(Exercise aim) Pictures in the records below must be left out. Return exactly the lines from the line with "署理政務司司長與民協代表會面(二) 林瑞麟接收民協代表的意見書。旁為政制及內地事務局副局長黃靜文(右)。 |" to the line with "A prefeitura comunicou", both included.

=== Supplied data ===

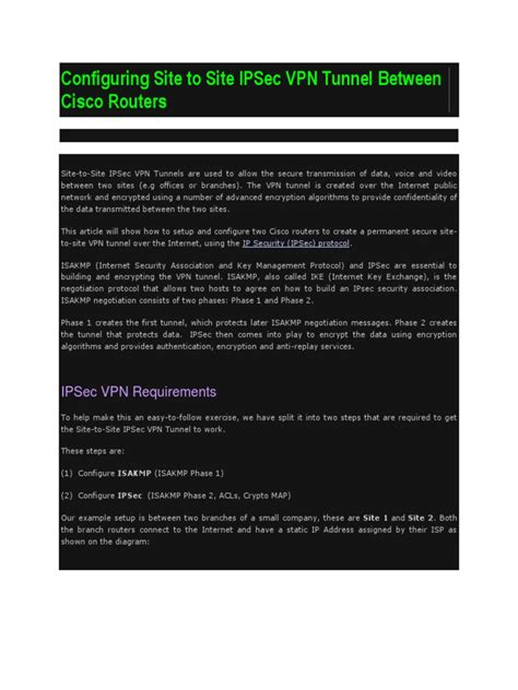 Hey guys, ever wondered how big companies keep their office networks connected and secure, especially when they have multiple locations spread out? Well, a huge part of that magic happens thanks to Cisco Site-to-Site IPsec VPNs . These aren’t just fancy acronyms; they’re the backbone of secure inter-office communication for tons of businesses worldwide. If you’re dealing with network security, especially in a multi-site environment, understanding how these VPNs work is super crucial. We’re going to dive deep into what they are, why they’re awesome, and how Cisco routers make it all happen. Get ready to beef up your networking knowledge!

===
=== Supplied data ===

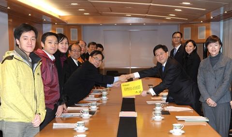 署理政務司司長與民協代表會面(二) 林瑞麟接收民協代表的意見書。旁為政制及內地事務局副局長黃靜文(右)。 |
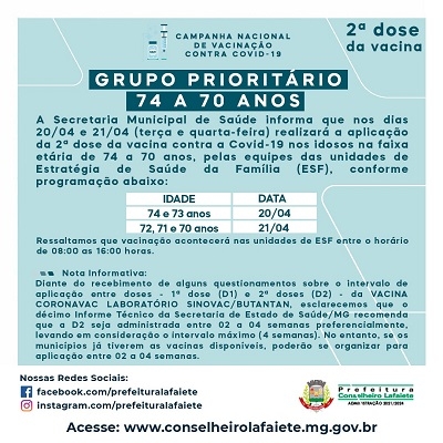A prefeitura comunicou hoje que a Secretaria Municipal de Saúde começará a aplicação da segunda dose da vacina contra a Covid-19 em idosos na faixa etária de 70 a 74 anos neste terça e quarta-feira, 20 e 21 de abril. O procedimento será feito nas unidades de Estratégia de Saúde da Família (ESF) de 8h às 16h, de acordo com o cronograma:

===

(Exercise answer)
 署理政務司司長與民協代表會面(二) 林瑞麟接收民協代表的意見書。旁為政制及內地事務局副局長黃靜文(右)。 |
A prefeitura comunicou hoje que a Secretaria Municipal de Saúde começará a aplicação da segunda dose da vacina contra a Covid-19 em idosos na faixa etária de 70 a 74 anos neste terça e quarta-feira, 20 e 21 de abril. O procedimento será feito nas unidades de Estratégia de Saúde da Família (ESF) de 8h às 16h, de acordo com o cronograma:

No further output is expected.